# Task objective:
With pictures left out, extract every line between the start of the records below and the line holding "1、提供新闻、百科、干细胞等板块,自由选择,快速推荐;", inclusive.

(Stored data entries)
----

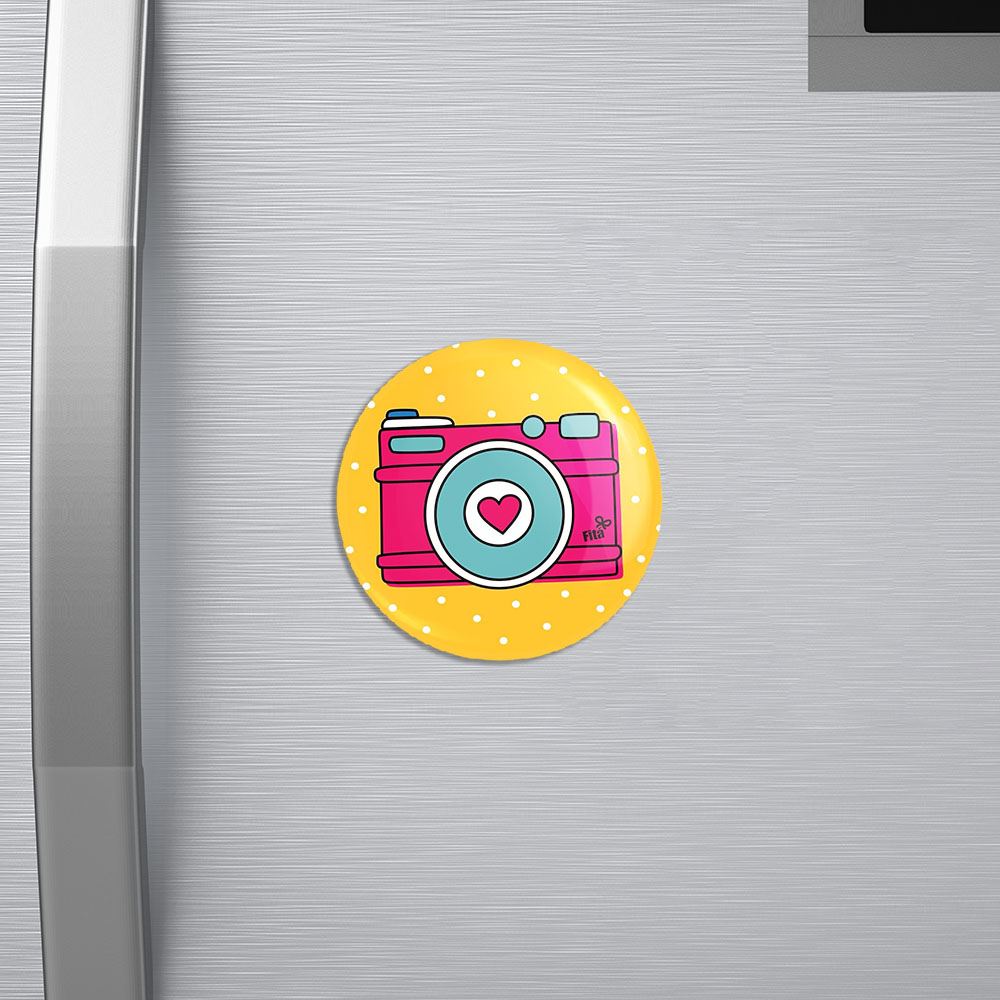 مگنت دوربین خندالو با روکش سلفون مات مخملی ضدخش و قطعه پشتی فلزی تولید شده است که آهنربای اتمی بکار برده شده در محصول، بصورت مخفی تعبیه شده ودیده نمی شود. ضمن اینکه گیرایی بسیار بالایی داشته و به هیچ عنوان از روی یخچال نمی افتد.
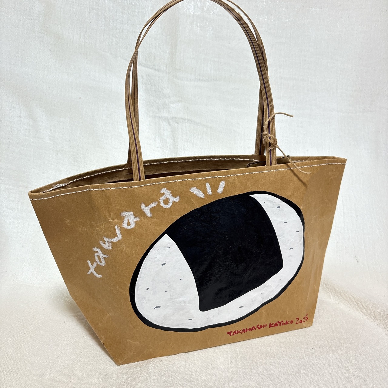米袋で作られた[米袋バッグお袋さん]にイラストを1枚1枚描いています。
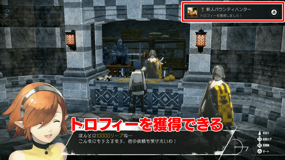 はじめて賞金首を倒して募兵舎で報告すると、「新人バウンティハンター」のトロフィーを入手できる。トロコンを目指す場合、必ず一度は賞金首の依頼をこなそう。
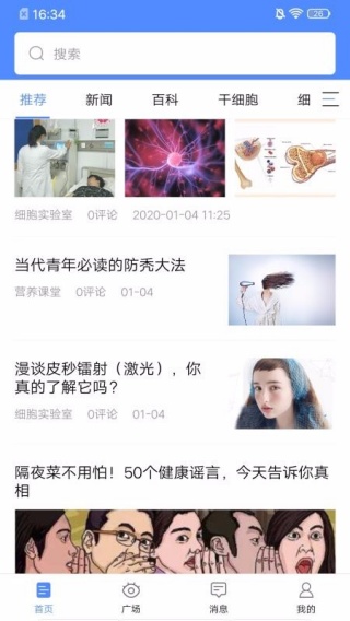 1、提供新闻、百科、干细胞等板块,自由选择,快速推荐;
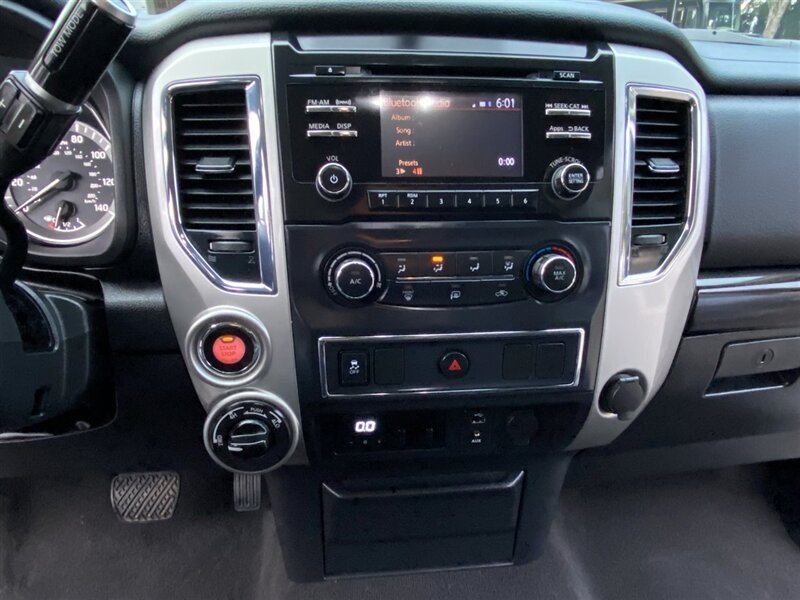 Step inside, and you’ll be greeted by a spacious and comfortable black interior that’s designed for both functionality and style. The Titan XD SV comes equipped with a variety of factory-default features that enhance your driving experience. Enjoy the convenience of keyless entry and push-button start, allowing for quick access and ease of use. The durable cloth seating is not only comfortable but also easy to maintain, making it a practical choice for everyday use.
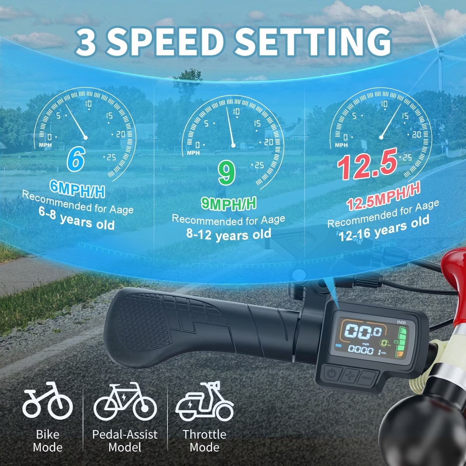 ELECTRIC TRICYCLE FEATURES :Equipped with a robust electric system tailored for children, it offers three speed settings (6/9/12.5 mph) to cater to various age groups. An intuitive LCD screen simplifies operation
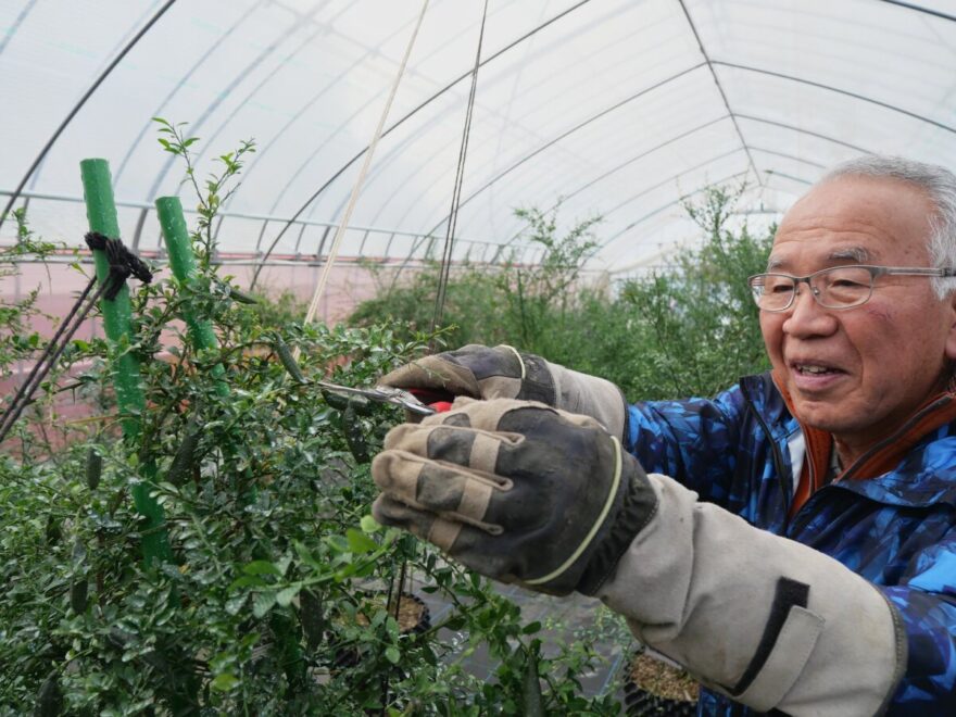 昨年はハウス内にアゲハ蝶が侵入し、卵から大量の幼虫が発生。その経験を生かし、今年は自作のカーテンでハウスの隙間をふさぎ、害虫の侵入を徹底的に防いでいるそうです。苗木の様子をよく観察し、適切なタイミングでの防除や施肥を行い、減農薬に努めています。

----

# Answer:
 مگنت دوربین خندالو با روکش سلفون مات مخملی ضدخش و قطعه پشتی فلزی تولید شده است که آهنربای اتمی بکار برده شده در محصول، بصورت مخفی تعبیه شده ودیده نمی شود. ضمن اینکه گیرایی بسیار بالایی داشته و به هیچ عنوان از روی یخچال نمی افتد.
米袋で作られた[米袋バッグお袋さん]にイラストを1枚1枚描いています。
 はじめて賞金首を倒して募兵舎で報告すると、「新人バウンティハンター」のトロフィーを入手できる。トロコンを目指す場合、必ず一度は賞金首の依頼をこなそう。
 1、提供新闻、百科、干细胞等板块,自由选择,快速推荐;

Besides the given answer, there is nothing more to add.